Durante los días siguientes los demás inquilinos del pasaje vieron cómo la gordita del Tropicana salía de su cuarto y pasaba delante de la puerta de mi pieza siempre que yo me sentaba en una mecedora a leer, y lo hacía con el pretexto de guindar una ropa en el alambre o de entrar al baño del patio o de recoger agua de la pluma, y siempre con una falda transparente para que yo le viera sus encantos y me guiñaba el ojo y me sonreía, como diciéndome: Ajá y ¿cuándo vas a ir por mí? El Chato –uno de mis amigos—se dio cuenta de la actitud seductora de la gordita y me dijo: Huy hermano, le cuento que esa pelada no quiere con nadie aquí en el pasaje y está botada por usted. Obviamente, mi mamá también se dio cuenta y me advirtió: Cuidado te vas a enredar con esa mesera porque te puede pegar una mala enfermedad.

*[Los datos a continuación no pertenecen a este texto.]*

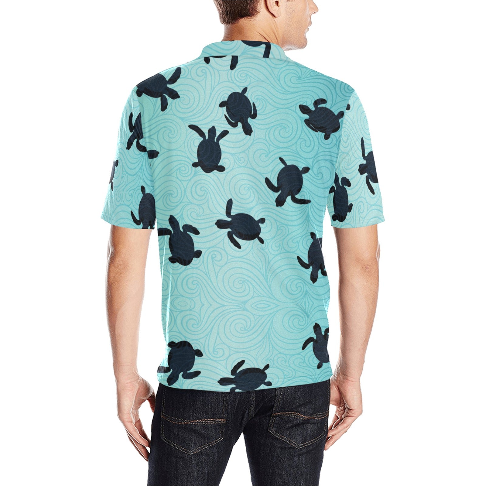 Sea turtle with blue ocean backgroud Men's All Over Print Polo Shirt

El viernes de la siguiente semana fui con mis amigos del liceo, Jorge Barrera y Pepe Buelvas, a tomarnos un par de cervezas en el Tropicana. Yo sabía que me iba a encontrar con la gordita del pasaje pero ellos no porque no la conocían. Por eso se sorprendieron cuando vieron cómo la atractiva mesera de color claro y cabellos lisos me saludaba con una efusividad inusual y más cuando les dijo que las cervezas que yo consumiera las pagaba ella.

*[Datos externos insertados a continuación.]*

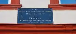 An Goethes Aufbruch nach Weimar aus ihrem Haus erinnert eine Gedenktafel am Haus Hauptstraße 196 in Heidelberg (am Marktplatz). Allerdings ist diese Zuordnung fehlerhaft, da Dorothea Delph im Jahr 1775 dieses Haus noch nicht bewohnte.

--¡Usted se acuesta esta noche con esta mujer de lo que no hay duda!—dijo Pepe. Jorge asintió y pidió que brindáramos por ese polvo, lo cual hicimos. Y empezaron entonces a hablarme de las técnicas de excitación, del manejo del ritmo, de las posiciones, de poner el pensamiento en otra parte y de las frenadas en seco para evitar la eyaculación prematura y de otras prácticas sexuales más que ellos sabían de sobra porque eran mayores.
Cada vez que la gordita llegaba con su toallita para secarnos la mesa y recoger las botellas vacías, Pepe y Jorge no hacían sino mirarle el trasero despampanante y las piernas, que se le veían casi todas por la minifalda que usaba. Y sonreír embelesados y decirme: Que envidia, flaco, pensar que tú vas a entrar esta noche en ese paraíso. Y yo no hacía sino pensar en cómo iría a domar a esa potra desbocada en la cama, yo, pobre y desmirriado mortal sin experiencias que apenas conocía la vagina de una mujer en las láminas de la revista Luz.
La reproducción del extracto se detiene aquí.